# What you need to do
Images do not belong in the copy; retype the rest of the entries below exactly.

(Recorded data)
# # # #

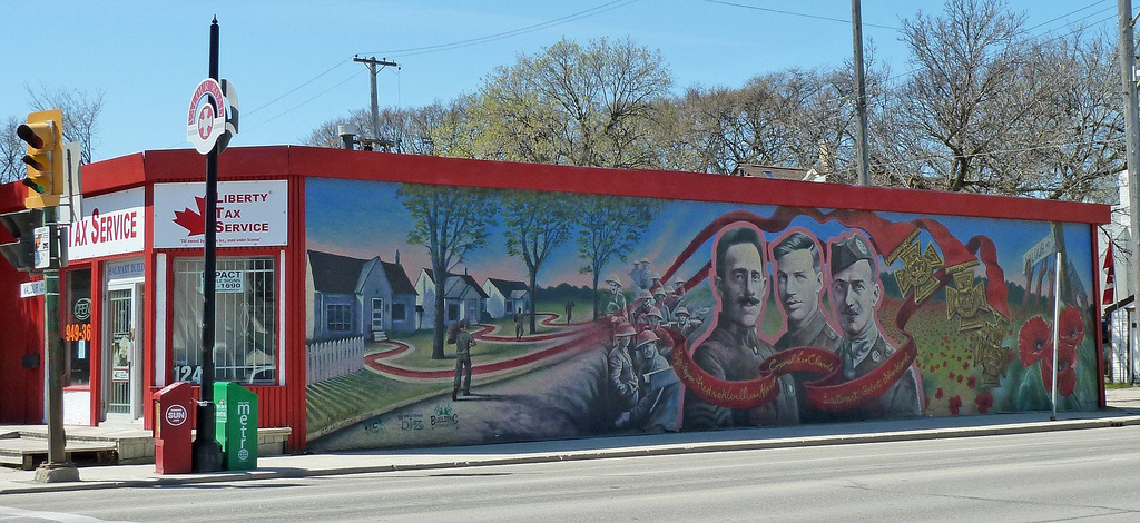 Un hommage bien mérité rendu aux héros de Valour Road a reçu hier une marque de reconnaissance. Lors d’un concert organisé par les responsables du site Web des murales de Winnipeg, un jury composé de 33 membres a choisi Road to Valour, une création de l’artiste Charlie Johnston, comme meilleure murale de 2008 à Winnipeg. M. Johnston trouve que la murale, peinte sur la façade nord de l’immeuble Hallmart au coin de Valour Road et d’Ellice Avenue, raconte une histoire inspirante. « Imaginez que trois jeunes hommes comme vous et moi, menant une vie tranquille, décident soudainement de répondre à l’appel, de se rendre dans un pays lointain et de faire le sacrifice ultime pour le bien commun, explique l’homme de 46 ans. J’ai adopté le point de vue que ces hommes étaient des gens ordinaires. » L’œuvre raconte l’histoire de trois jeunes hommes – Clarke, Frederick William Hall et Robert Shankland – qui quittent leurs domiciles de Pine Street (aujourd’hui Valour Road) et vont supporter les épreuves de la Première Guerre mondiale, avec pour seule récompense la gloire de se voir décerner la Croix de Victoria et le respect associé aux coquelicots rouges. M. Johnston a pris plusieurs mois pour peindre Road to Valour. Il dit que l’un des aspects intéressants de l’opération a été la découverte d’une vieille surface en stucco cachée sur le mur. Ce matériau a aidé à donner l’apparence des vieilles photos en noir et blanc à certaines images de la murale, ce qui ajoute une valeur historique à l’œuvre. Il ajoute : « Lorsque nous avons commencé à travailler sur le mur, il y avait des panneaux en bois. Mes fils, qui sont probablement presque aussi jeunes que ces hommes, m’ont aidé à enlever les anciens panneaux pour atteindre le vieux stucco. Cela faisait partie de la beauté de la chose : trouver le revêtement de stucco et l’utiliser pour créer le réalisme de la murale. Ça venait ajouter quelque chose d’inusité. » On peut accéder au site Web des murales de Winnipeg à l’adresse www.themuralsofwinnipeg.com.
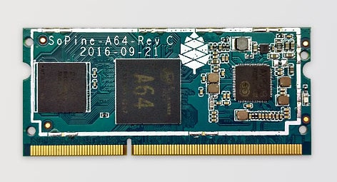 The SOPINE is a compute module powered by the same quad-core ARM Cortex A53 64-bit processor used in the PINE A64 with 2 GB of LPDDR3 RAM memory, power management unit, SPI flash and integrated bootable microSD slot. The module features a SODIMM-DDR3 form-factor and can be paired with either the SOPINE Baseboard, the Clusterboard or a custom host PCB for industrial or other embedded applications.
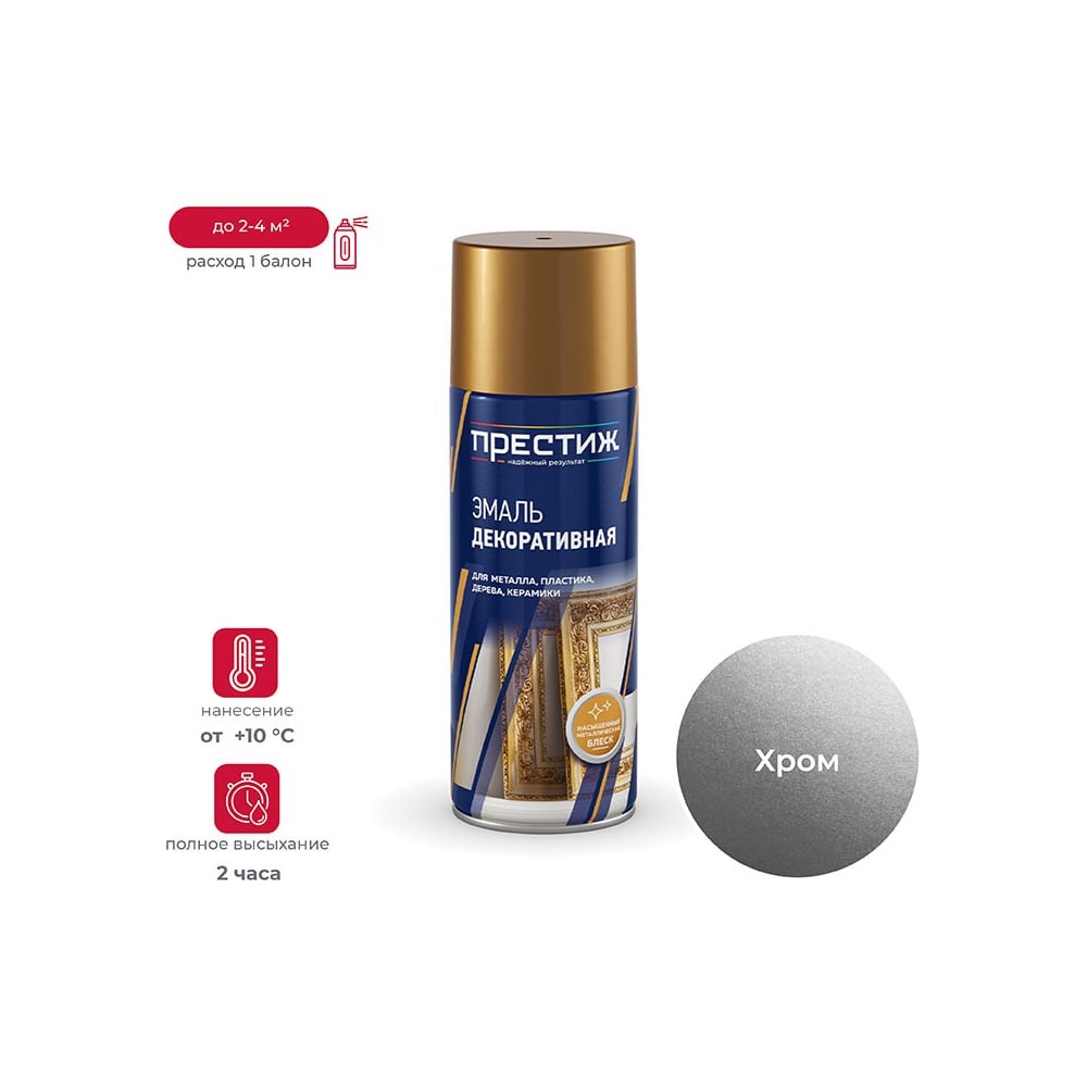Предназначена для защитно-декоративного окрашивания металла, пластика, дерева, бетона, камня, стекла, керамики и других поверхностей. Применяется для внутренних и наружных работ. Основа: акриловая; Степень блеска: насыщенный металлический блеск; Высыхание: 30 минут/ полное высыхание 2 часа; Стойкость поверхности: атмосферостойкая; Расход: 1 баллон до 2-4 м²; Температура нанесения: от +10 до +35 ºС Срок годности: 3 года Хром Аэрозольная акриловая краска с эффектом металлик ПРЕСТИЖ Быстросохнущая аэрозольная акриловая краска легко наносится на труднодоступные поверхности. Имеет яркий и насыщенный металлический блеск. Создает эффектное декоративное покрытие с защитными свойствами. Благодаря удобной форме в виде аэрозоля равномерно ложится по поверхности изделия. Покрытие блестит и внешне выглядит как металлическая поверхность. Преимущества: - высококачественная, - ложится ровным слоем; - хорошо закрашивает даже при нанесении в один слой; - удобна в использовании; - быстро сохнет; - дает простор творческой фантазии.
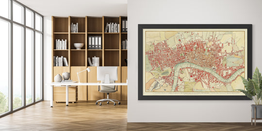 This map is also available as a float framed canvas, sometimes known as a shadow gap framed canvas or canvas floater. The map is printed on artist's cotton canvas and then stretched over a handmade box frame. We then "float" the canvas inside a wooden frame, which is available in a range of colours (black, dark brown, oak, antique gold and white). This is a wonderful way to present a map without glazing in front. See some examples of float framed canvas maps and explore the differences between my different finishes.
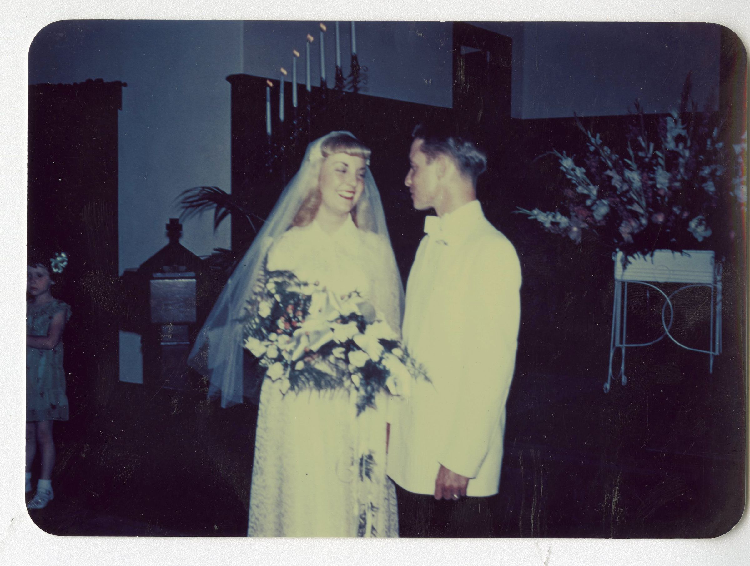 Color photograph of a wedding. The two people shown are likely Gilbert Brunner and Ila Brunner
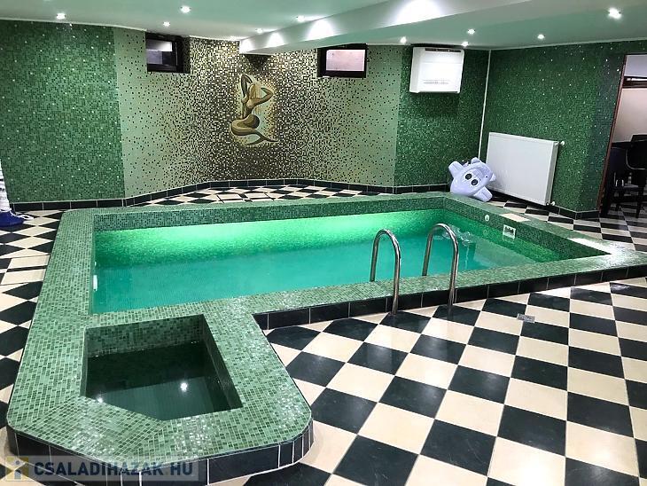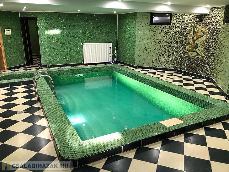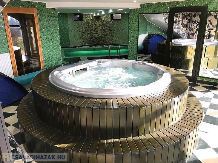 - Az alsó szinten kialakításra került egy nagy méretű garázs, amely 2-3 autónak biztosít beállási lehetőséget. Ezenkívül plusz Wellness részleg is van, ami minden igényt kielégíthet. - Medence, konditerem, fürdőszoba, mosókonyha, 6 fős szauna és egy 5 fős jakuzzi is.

# # # #

# Result of this task
 Un hommage bien mérité rendu aux héros de Valour Road a reçu hier une marque de reconnaissance. Lors d’un concert organisé par les responsables du site Web des murales de Winnipeg, un jury composé de 33 membres a choisi Road to Valour, une création de l’artiste Charlie Johnston, comme meilleure murale de 2008 à Winnipeg. M. Johnston trouve que la murale, peinte sur la façade nord de l’immeuble Hallmart au coin de Valour Road et d’Ellice Avenue, raconte une histoire inspirante. « Imaginez que trois jeunes hommes comme vous et moi, menant une vie tranquille, décident soudainement de répondre à l’appel, de se rendre dans un pays lointain et de faire le sacrifice ultime pour le bien commun, explique l’homme de 46 ans. J’ai adopté le point de vue que ces hommes étaient des gens ordinaires. » L’œuvre raconte l’histoire de trois jeunes hommes – Clarke, Frederick William Hall et Robert Shankland – qui quittent leurs domiciles de Pine Street (aujourd’hui Valour Road) et vont supporter les épreuves de la Première Guerre mondiale, avec pour seule récompense la gloire de se voir décerner la Croix de Victoria et le respect associé aux coquelicots rouges. M. Johnston a pris plusieurs mois pour peindre Road to Valour. Il dit que l’un des aspects intéressants de l’opération a été la découverte d’une vieille surface en stucco cachée sur le mur. Ce matériau a aidé à donner l’apparence des vieilles photos en noir et blanc à certaines images de la murale, ce qui ajoute une valeur historique à l’œuvre. Il ajoute : « Lorsque nous avons commencé à travailler sur le mur, il y avait des panneaux en bois. Mes fils, qui sont probablement presque aussi jeunes que ces hommes, m’ont aidé à enlever les anciens panneaux pour atteindre le vieux stucco. Cela faisait partie de la beauté de la chose : trouver le revêtement de stucco et l’utiliser pour créer le réalisme de la murale. Ça venait ajouter quelque chose d’inusité. » On peut accéder au site Web des murales de Winnipeg à l’adresse www.themuralsofwinnipeg.com.
 The SOPINE is a compute module powered by the same quad-core ARM Cortex A53 64-bit processor used in the PINE A64 with 2 GB of LPDDR3 RAM memory, power management unit, SPI flash and integrated bootable microSD slot. The module features a SODIMM-DDR3 form-factor and can be paired with either the SOPINE Baseboard, the Clusterboard or a custom host PCB for industrial or other embedded applications.
Предназначена для защитно-декоративного окрашивания металла, пластика, дерева, бетона, камня, стекла, керамики и других поверхностей. Применяется для внутренних и наружных работ. Основа: акриловая; Степень блеска: насыщенный металлический блеск; Высыхание: 30 минут/ полное высыхание 2 часа; Стойкость поверхности: атмосферостойкая; Расход: 1 баллон до 2-4 м²; Температура нанесения: от +10 до +35 ºС Срок годности: 3 года Хром Аэрозольная акриловая краска с эффектом металлик ПРЕСТИЖ Быстросохнущая аэрозольная акриловая краска легко наносится на труднодоступные поверхности. Имеет яркий и насыщенный металлический блеск. Создает эффектное декоративное покрытие с защитными свойствами. Благодаря удобной форме в виде аэрозоля равномерно ложится по поверхности изделия. Покрытие блестит и внешне выглядит как металлическая поверхность. Преимущества: - высококачественная, - ложится ровным слоем; - хорошо закрашивает даже при нанесении в один слой; - удобна в использовании; - быстро сохнет; - дает простор творческой фантазии.
 This map is also available as a float framed canvas, sometimes known as a shadow gap framed canvas or canvas floater. The map is printed on artist's cotton canvas and then stretched over a handmade box frame. We then "float" the canvas inside a wooden frame, which is available in a range of colours (black, dark brown, oak, antique gold and white). This is a wonderful way to present a map without glazing in front. See some examples of float framed canvas maps and explore the differences between my different finishes.
 Color photograph of a wedding. The two people shown are likely Gilbert Brunner and Ila Brunner
 - Az alsó szinten kialakításra került egy nagy méretű garázs, amely 2-3 autónak biztosít beállási lehetőséget. Ezenkívül plusz Wellness részleg is van, ami minden igényt kielégíthet. - Medence, konditerem, fürdőszoba, mosókonyha, 6 fős szauna és egy 5 fős jakuzzi is.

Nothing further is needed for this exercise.